The siege ended in a pitched battle. The casualties incurred by Abdallah's forces were heavy, and Qalidurut did not sue for peace. In the end, Abdallah called off the siege in exchange for negotiating a pact (baqt). According to the 9th-century Egyptian historian Ibn 'Abd al-Hakam this was because "he was unable to defeat them". The 10th-century Shiite historian Ahmad al-Kufi, who had no sympathy for the forces of the caliph, had an even stronger opinion: "The Muslims had never [before] suffered a loss like the one they had in Nubia." An Arab poet describing the battle wrote:

"My eyes ne'er saw another fight like Damqula [Dongola],

With rushing horses loaded down with coats of mail."

In the centuries that followed, however, the siege and second battle of Dongola were transformed by Muslim historians into a victory. Qalidurut was said to have come out of the city submissively seeking terms, according to al-Maqrizi. It may be that this version of events stems from the conflation of the events of 652 with late 13th-century conflict between Nubia and the Mamluks.

==Aftermath==

The details of the second battle of Dongola are scarce, but we do know that the forces of the caliphate suffered enough casualties that taking their objective—the city of Dongola—was no longer possible. A negotiated truce known as the Baqt was agreed upon by both sides and lasted for six centuries. It set up trade relations between Muslim Egypt and Christian Nubia. It involved the exchange of wheat, barley, wine, horses and linen from Egypt for 360 slaves per year from Nubia.

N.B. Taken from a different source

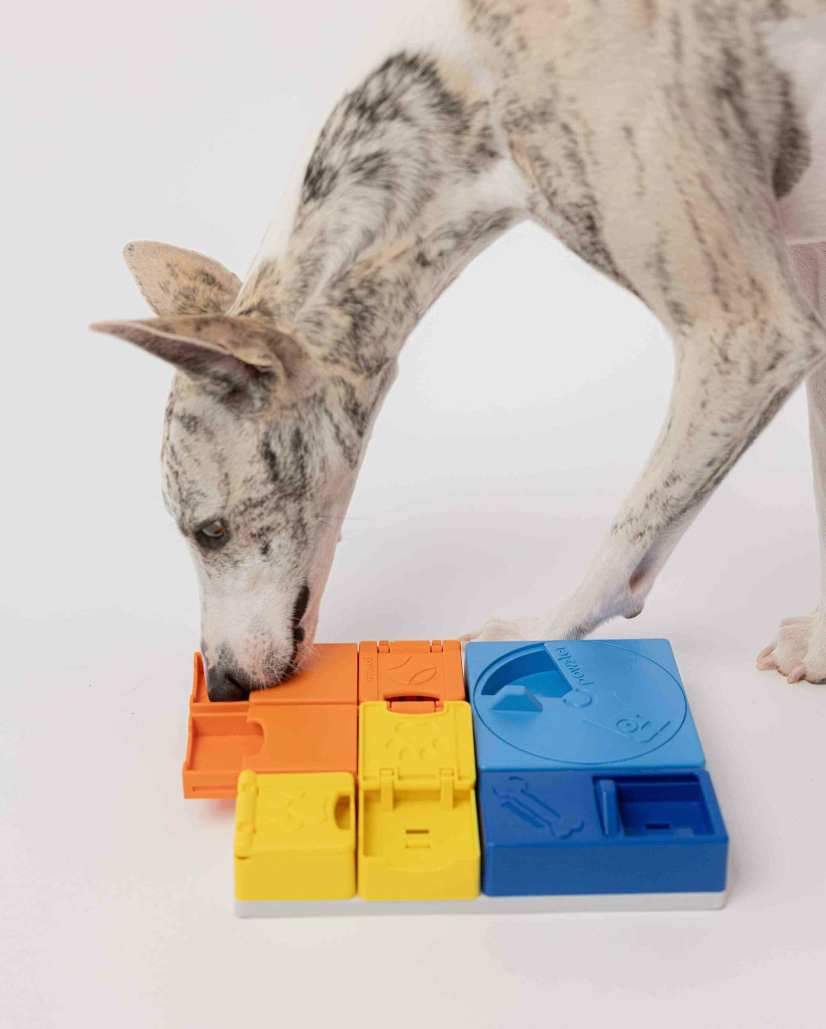 De Pawzler Rainbow Set is een kleurrijke, modulaire puzzel voor honden met diverse moeilijkheidsgraden. Ideaal voor honden die uitdaging nodig hebben en graag speuren naar beloningen.

The Baqt was without precedent in the early history of Islam. Also new to the paradigm of Muslim-Non Muslim Relations was Nubia's status as a land free from conquest. Traditionally, Nubia was made the exception. It was a Christian region where its rulers did business with Muslim rulers on equal terms well until the 12th century when the power of Nubia began to wane. As a result of the battle and the Baqt, Christian Nubia had the space to flourish for the next 600 years.